_PROVIDED ENTRIES_
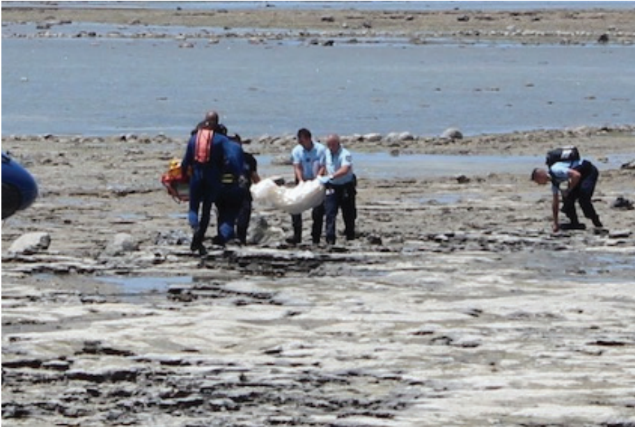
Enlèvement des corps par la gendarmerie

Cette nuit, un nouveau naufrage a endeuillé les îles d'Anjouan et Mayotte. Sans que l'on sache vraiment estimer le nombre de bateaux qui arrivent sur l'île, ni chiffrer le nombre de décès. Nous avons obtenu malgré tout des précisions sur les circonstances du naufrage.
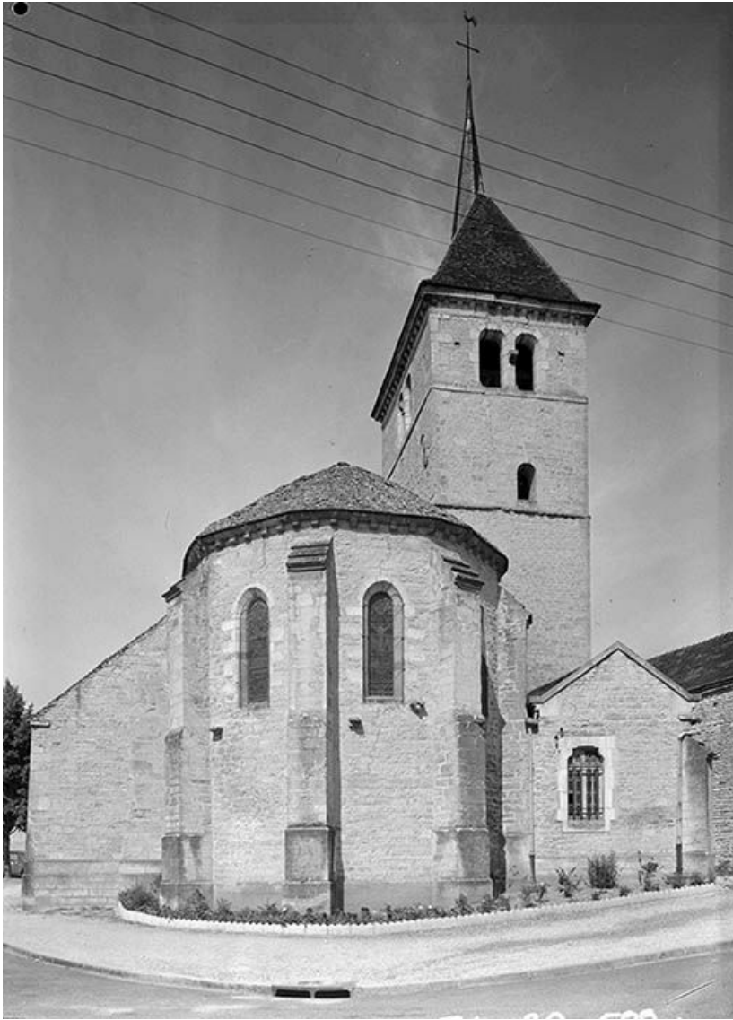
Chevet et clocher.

...

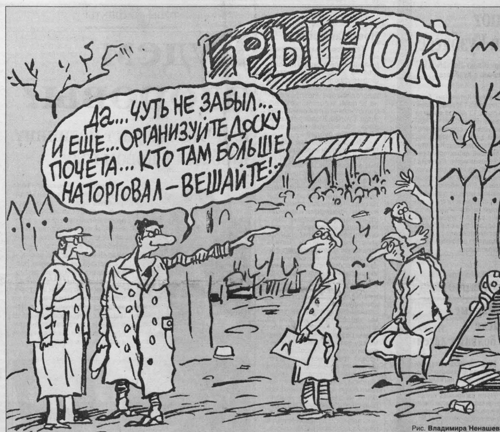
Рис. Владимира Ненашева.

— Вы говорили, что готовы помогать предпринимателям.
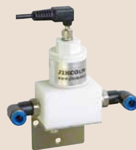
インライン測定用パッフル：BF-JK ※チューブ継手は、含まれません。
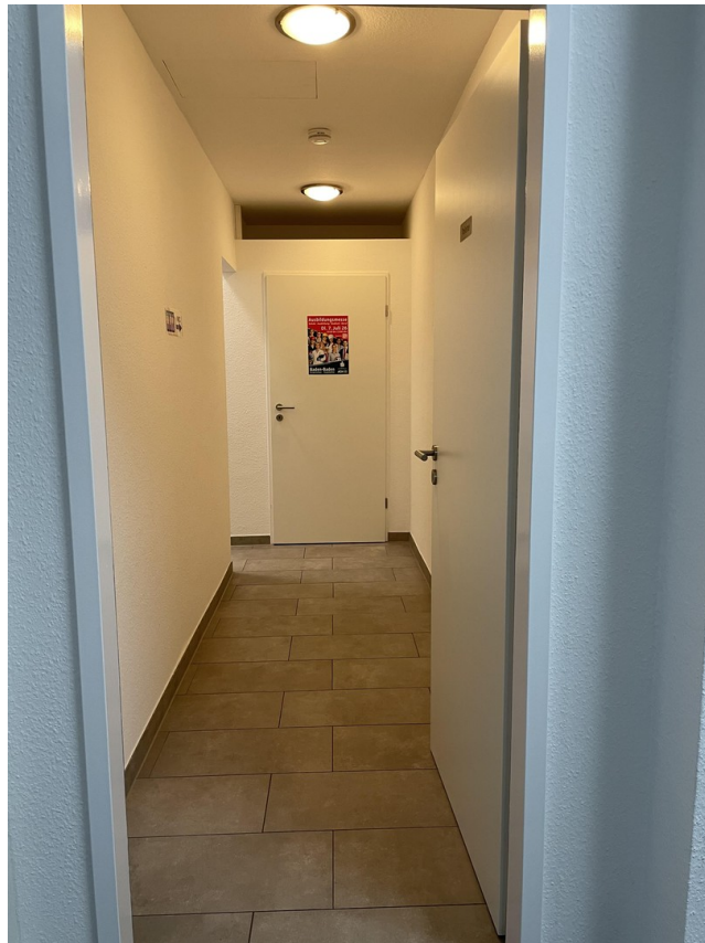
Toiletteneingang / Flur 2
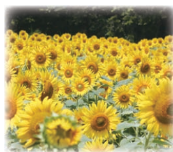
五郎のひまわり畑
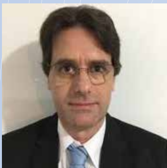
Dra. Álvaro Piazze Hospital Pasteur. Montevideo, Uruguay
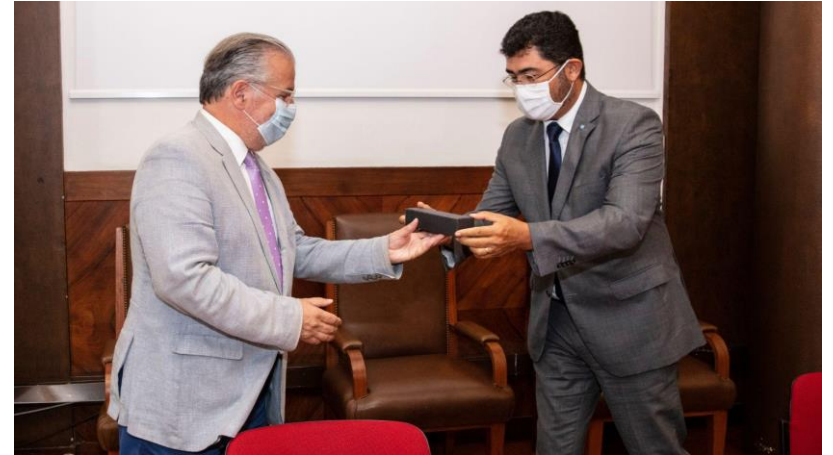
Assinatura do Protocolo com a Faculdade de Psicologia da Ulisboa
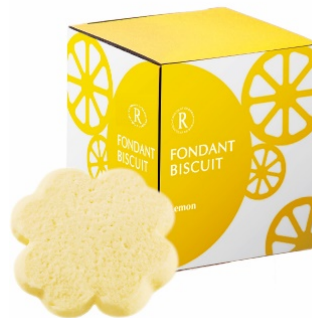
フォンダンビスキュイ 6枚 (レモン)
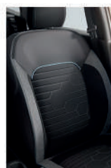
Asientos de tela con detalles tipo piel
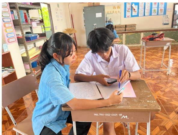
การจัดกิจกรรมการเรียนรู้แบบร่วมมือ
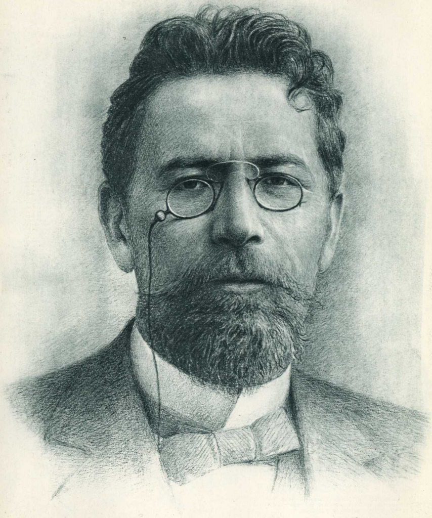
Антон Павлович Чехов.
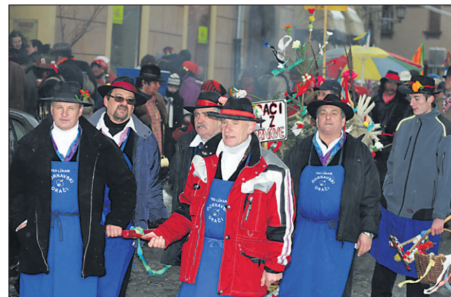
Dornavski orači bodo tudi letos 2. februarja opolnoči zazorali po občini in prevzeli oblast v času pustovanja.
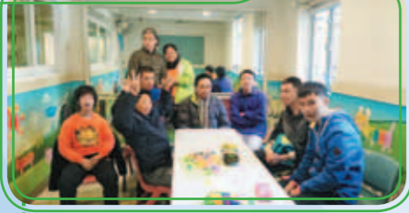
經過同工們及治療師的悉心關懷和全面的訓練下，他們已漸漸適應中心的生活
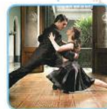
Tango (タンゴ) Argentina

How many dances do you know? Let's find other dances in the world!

==

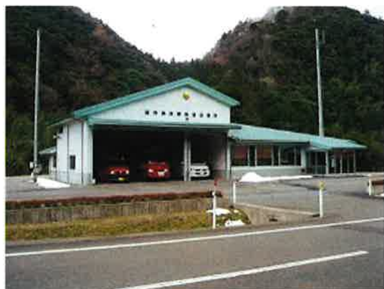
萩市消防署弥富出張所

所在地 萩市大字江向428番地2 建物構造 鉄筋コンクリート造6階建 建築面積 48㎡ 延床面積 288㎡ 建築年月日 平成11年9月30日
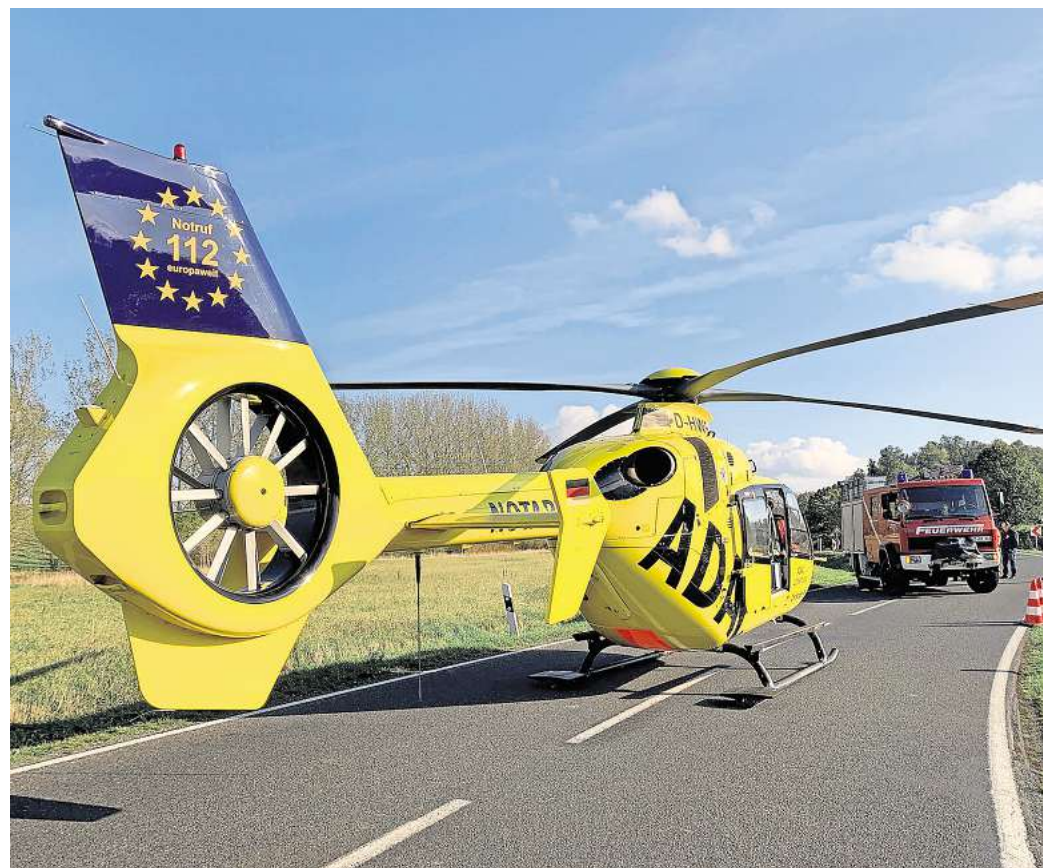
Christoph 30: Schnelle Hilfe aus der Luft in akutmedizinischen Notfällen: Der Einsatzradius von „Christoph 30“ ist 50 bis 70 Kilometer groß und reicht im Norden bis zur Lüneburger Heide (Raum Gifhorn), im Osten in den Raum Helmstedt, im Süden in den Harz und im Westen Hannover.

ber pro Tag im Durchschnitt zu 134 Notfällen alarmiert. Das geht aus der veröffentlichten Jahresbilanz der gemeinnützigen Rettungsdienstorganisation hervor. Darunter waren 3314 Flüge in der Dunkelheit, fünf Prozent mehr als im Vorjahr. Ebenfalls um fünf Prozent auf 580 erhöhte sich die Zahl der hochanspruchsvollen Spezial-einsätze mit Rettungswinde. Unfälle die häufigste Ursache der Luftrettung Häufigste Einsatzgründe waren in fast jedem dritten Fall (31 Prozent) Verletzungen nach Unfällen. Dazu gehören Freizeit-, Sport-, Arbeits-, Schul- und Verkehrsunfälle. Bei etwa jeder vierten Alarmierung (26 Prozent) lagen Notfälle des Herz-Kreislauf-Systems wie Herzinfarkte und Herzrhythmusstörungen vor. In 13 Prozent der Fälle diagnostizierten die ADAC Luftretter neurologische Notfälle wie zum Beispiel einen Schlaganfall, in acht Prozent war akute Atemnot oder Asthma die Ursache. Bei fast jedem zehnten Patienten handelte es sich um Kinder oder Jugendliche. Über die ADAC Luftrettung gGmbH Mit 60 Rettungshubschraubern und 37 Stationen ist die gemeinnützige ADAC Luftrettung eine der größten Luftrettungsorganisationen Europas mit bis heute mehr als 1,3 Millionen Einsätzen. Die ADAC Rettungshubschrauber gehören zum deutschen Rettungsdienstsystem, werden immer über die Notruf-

_WORK TO BE COMPLETED_
Output only an exact transcription of the lines above from the one with "Christoph 30: Schnelle" up to and including the one with "ber pro Tag".

_WRITTEN RESPONSE_
Christoph 30: Schnelle Hilfe aus der Luft in akutmedizinischen Notfällen: Der Einsatzradius von „Christoph 30“ ist 50 bis 70 Kilometer groß und reicht im Norden bis zur Lüneburger Heide (Raum Gifhorn), im Osten in den Raum Helmstedt, im Süden in den Harz und im Westen Hannover.

ber pro Tag im Durchschnitt zu 134 Notfällen alarmiert. Das geht aus der veröffentlichten Jahresbilanz der gemeinnützigen Rettungsdienstorganisation hervor. Darunter waren 3314 Flüge in der Dunkelheit, fünf Prozent mehr als im Vorjahr. Ebenfalls um fünf Prozent auf 580 erhöhte sich die Zahl der hochanspruchsvollen Spezial-einsätze mit Rettungswinde. Unfälle die häufigste Ursache der Luftrettung Häufigste Einsatzgründe waren in fast jedem dritten Fall (31 Prozent) Verletzungen nach Unfällen. Dazu gehören Freizeit-, Sport-, Arbeits-, Schul- und Verkehrsunfälle. Bei etwa jeder vierten Alarmierung (26 Prozent) lagen Notfälle des Herz-Kreislauf-Systems wie Herzinfarkte und Herzrhythmusstörungen vor. In 13 Prozent der Fälle diagnostizierten die ADAC Luftretter neurologische Notfälle wie zum Beispiel einen Schlaganfall, in acht Prozent war akute Atemnot oder Asthma die Ursache. Bei fast jedem zehnten Patienten handelte es sich um Kinder oder Jugendliche. Über die ADAC Luftrettung gGmbH Mit 60 Rettungshubschraubern und 37 Stationen ist die gemeinnützige ADAC Luftrettung eine der größten Luftrettungsorganisationen Europas mit bis heute mehr als 1,3 Millionen Einsätzen. Die ADAC Rettungshubschrauber gehören zum deutschen Rettungsdienstsystem, werden immer über die Notruf-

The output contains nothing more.